Выбрать главу

Мой племянник, здоровенный парень, интересующийся военной историей и уже достигший призывного возраста, довольно часто на мои неутешительные выводы о войне недоверчиво отвечает: «Да ладно, дядя Олег! Не может быть!»

Понять его можно.

Дело в том, что война предстает перед каждым народом в своей маске. Каждый народ она пытается убедить: «Именно вы хорошие и правые, а ваши враги плохие и несправедливые». А затем уже сами люди доводят эти маски до уровня государственной идеологии и патриотического воспитания. Если бы этого не было, то, наверное, войны были бы невозможны. Кто же будет сражаться с сознанием того, что его дело «плохое и несправедливое»?
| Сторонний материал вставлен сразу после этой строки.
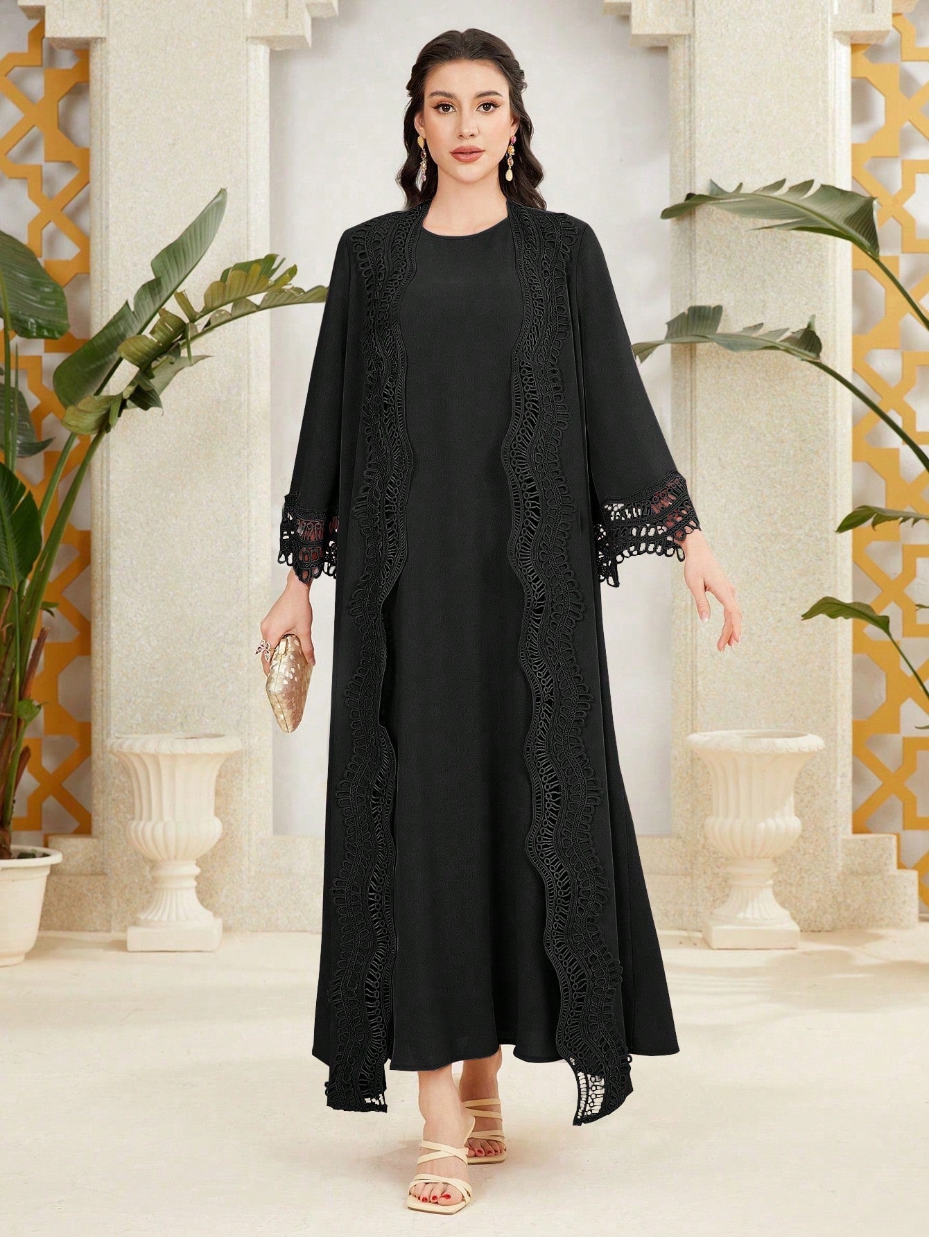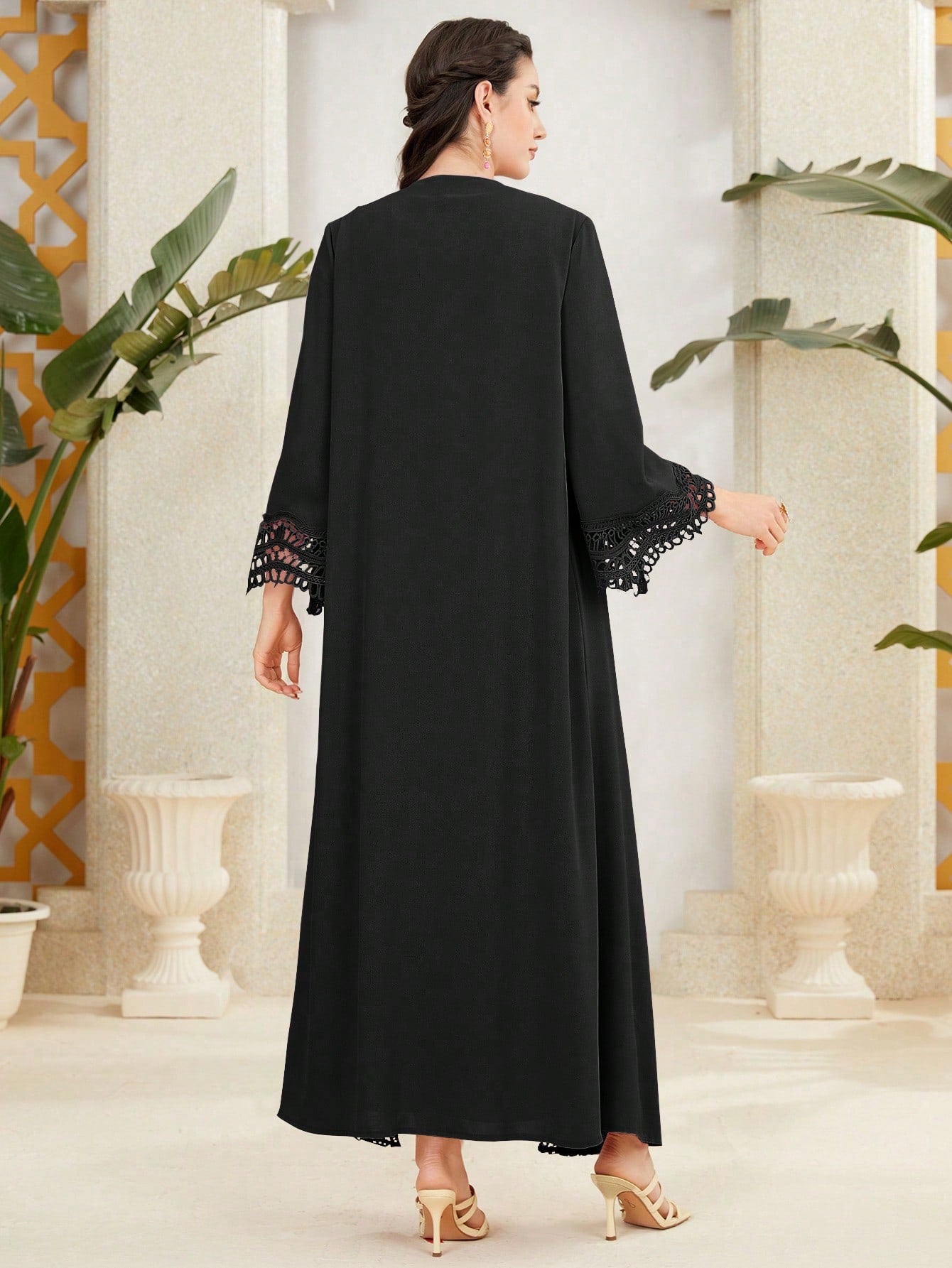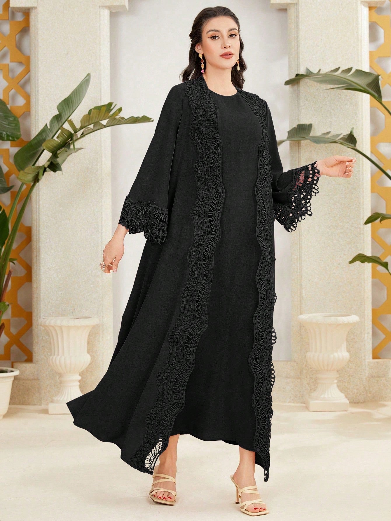 This Shein open black lace cardigan adds a delicate, stylish layer to your outfit. Designed as an outer piece only, it beautifully enhances your look without the inner dress included. Perfect for adding elegance and a touch of sophistication to any ensemble.
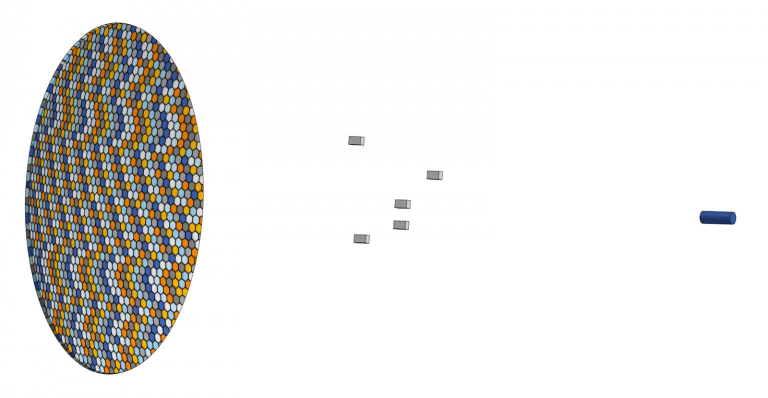 In Handmer’s schematic diagram of the Monster Telescope, the multicoloured oval on the left shows the assembly of hexagonal mirrors; the grey boxes in the middle are spacecraft carrying instruments such as spectrographs, imagers, and so forth, which fly around the focal plane to gather data on various targets; and the blue cylinder on the right is a mirror position sensor, which provides feedback for the mirror segments to dynamically adjust their positions in order to remain in alignment.
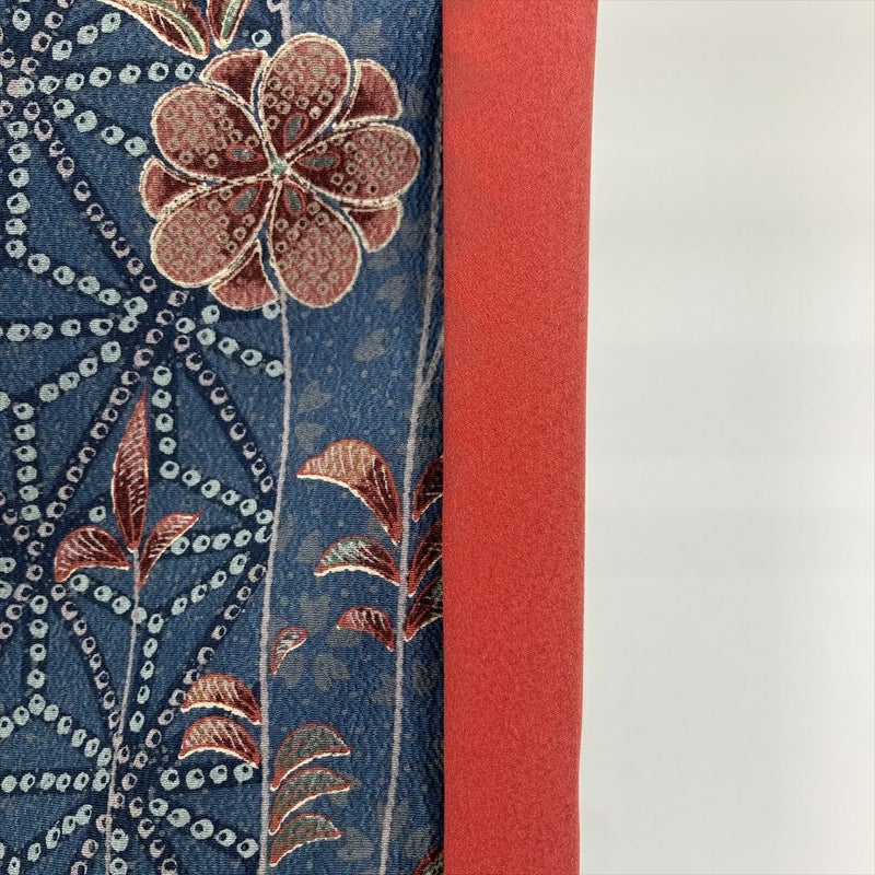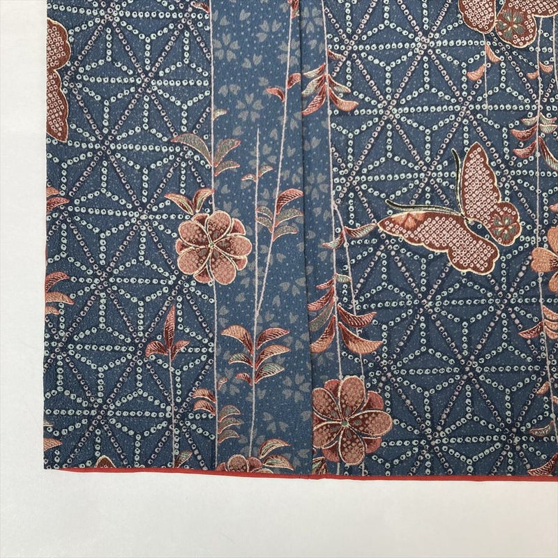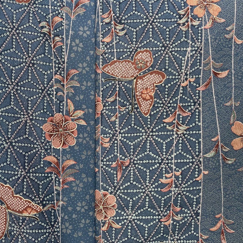【色柄】ブルーグレー ポリエステル 洗える ちりめん調 鹿の子 蝶 花 麻の葉 青海波 紗綾型

Нет, именно враги всегда плохие, несправедливые и жестокие. И примеров тому не счесть в учебниках истории и в художественной литературе.

Взять хотя бы Отечественную войну 1812 г.: «Когда партизаны перебили передовых фуражиров, вступивших в деревню, подошедший отряд разослал погоню и всех схваченных, окунувши их в масло, сжег на костре, около которого неприятели грелись. Другой раз враги содрали кожу с живых мужиков только за то, что те оборонялись». (Так помянем русских мужиков, таких набожных, терпеливых и отходчивых, принявших мученическую смерть от рук завоевателей.)

Знакомая всем нам маска, правда? Но если заглянуть под нее, то можно увидеть и другие примеры, подтвержденные самими же русскими современниками, хотя и не слишком известные их потомкам: «В М… уезде ожесточение против неприятеля достигло такой степени, что изобретались самые мучительные казни: пленных ставили в ряды и по очереди рубили им головы, живых опускали в проруби и колодцы и т. п. Старшина, начальствовавший над партией в соседнем уезде, тоже был до того строг, что все выспрашивал, какою бы еще новою смертью наказывать ему французов, так как все известные роды смерти он уже перепробовал и они казались ему недостаточными…»

(Давайте вспомним сынов Лотарингии, Прованса и Нормандии, наследников Великой революции, о чьей веселости, храбрости и великодушии до сих пор ходят легенды, и представим их страшную гибель в снежной России.)

Стыдно. Неловко. Невыгодно. «А чего мы? Они первыми начали! — скажем мы смущенно и как-то совсем по-детски. — Всем известно: кто с мечом к нам придет — от меча и погибнет, око за око, зуб за зуб. А еще у нас есть дубина народной войны. Царизм опять же с варварскими поступками невежественного крестьянства…»

Да, русские мужики не знали пощады. В кровавом угаре они творили такие злодеяния, которым могли позавидовать головорезы гиммлеровских «айнзатцкоманд». И при этом никакой чужеземный захватчик на них не нападал. Скорее, наоборот. Нападали мужики. На соплеменников. Единоверцев.

Во время пугачевского бунта 27 сентября 1773 г. мятежники взяли приступом деревянную крепостицу Татищева. «Начальники были захвачены. Билову отсекли голову. С Елагина, человека тучного, содрали кожу: злодеи вынули из него сало и мазали им свои раны (!). Жену его изрубили. Дочь их, накануне овдовевшая Харлова, приведена была к победителю, распоряжавшему казнию ее родителей. Пугачев поражен был ее красотою и взял несчастную к себе в наложницы. (…) Вдова майора Ведовского, бежавшая из Рассыпной, также находилась в Татищевой: ее удавили. Все офицеры были повешены. Несколько солдат и башкирцев выведены в поле и расстреляны картечью».

Бесконечные примеры подобных садистских расправ были собраны A.C. Пушкиным перед работой над повестью «Капитанская дочка».

Как говорится, без комментариев. Остается лишь растерянно пожать плечами и отмахнуться избитой фразой о русском бунте, «бессмысленном и беспощадном».

Но также поступала и регулярная армия.

18 июля 1702 году, во время Северной войны, генерал-фельдмаршал Б.П. Шереметев разбил отряд Шлиппенбаха при Гуммельсгофе. 30 000 русских обрушились на 7000 шведов и после упорной битвы почти полностью уничтожили их. Погибли 5500 шведских солдат и всего 300 сдалось в плен. «Русские после этой победы опустошили Ливонию с таким зверством, которое напоминало поступки их предков в этой же стране при Иване Грозном. Города и деревни сжигали дотла, опустошали поля, истребляли домашний скот, жителей уводили в плен, а иногда целыми толпами сжигали в ригах и сараях (!)».

Сам Шереметев писал Петру: «Послал я во все стороны пленить и жечь, не осталось целого ничего, все разорено и сожжено, и взяли твои ратные государевы люди в полон мужеска и женска пола и робят несколько тысяч… и чего не могли поднять, покололи и порубили».